** REQUIREMENT **
Before returning the data, strip out the pictures and keep everything else exactly the same.

** EXERCISE DATA **
◆ ◆ ◆ ◆
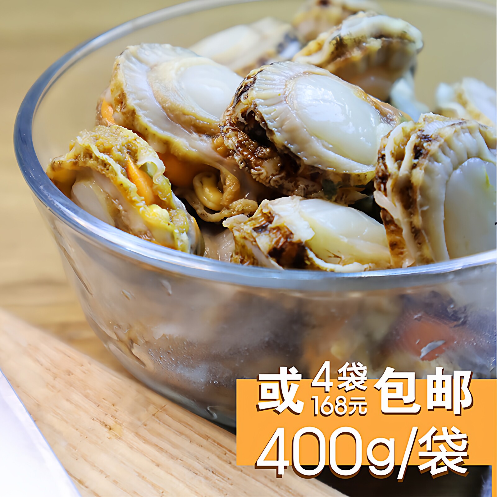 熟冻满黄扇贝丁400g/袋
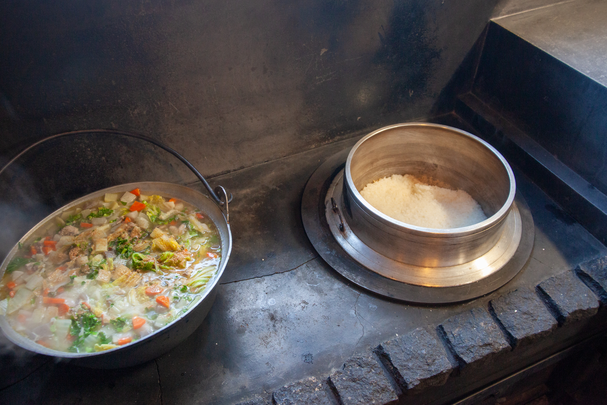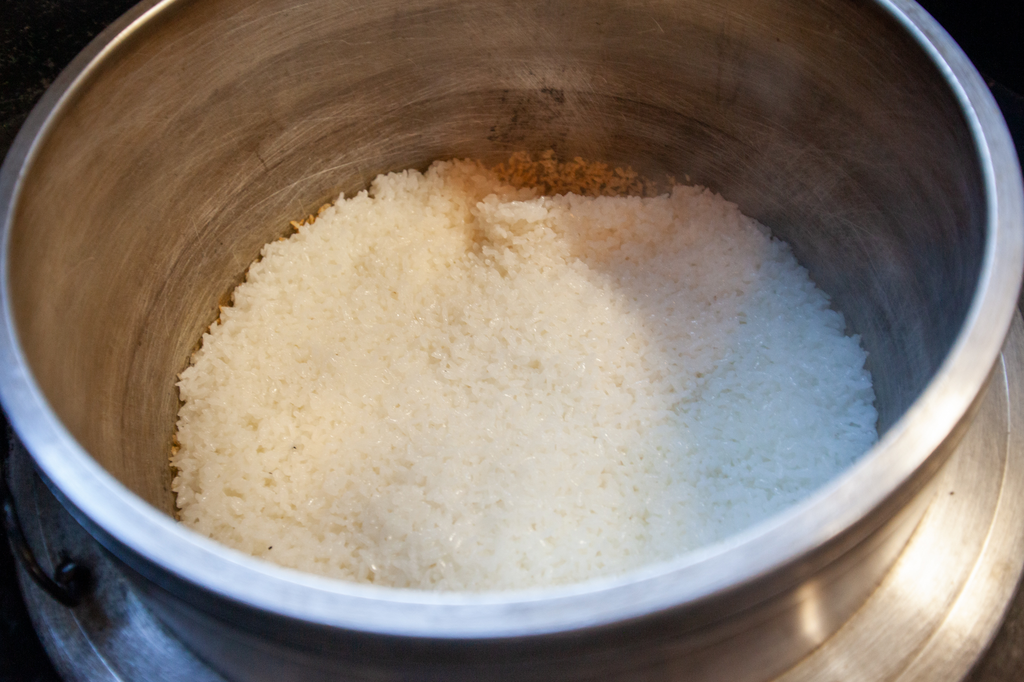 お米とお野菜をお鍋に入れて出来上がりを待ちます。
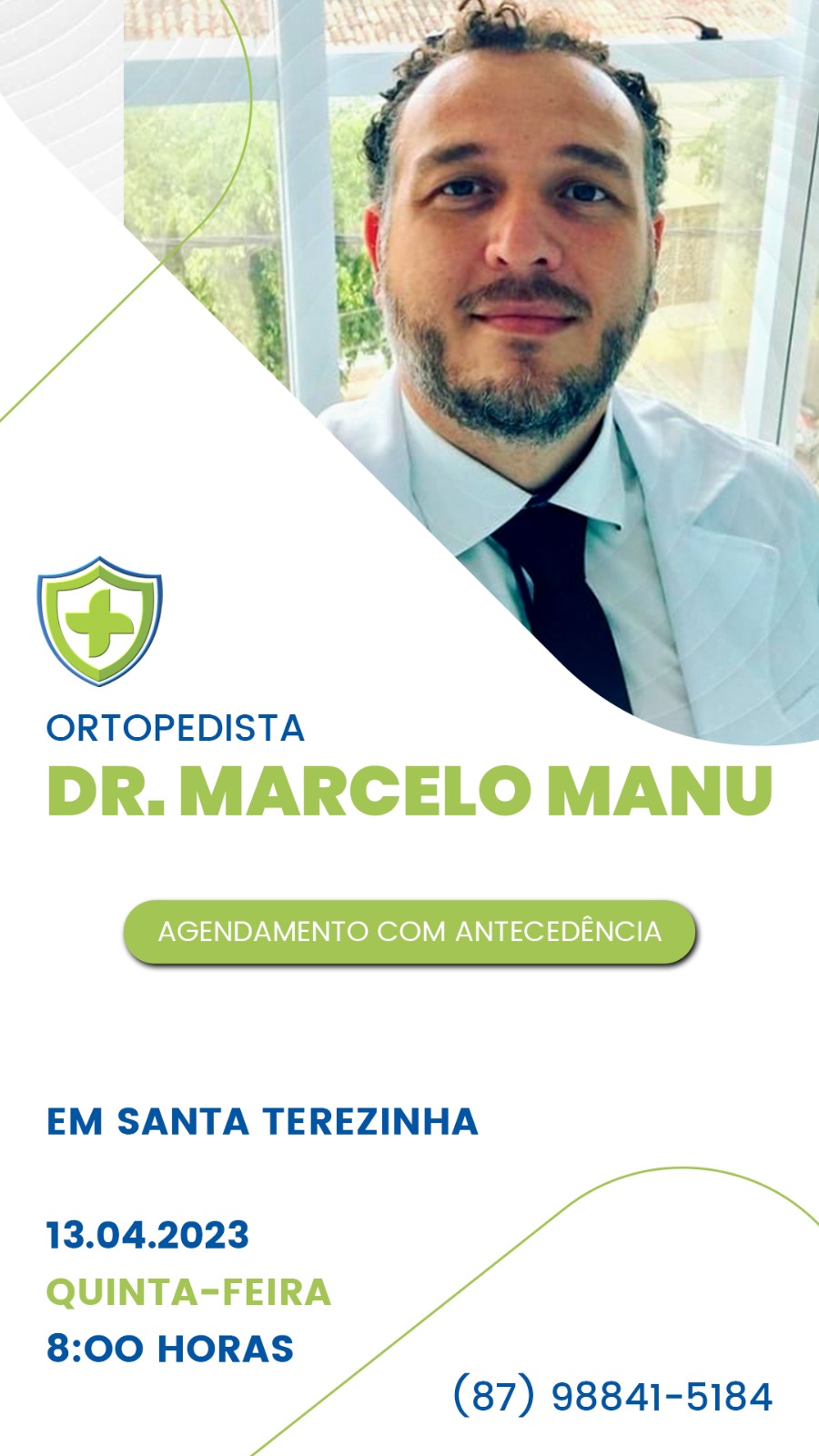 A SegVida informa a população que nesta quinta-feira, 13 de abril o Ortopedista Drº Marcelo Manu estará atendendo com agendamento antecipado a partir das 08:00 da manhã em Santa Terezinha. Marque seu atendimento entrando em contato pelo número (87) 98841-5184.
◆ ◆ ◆ ◆
** OUTPUT OF THE EXERCISE **
 熟冻满黄扇贝丁400g/袋
 お米とお野菜をお鍋に入れて出来上がりを待ちます。
 A SegVida informa a população que nesta quinta-feira, 13 de abril o Ortopedista Drº Marcelo Manu estará atendendo com agendamento antecipado a partir das 08:00 da manhã em Santa Terezinha. Marque seu atendimento entrando em contato pelo número (87) 98841-5184.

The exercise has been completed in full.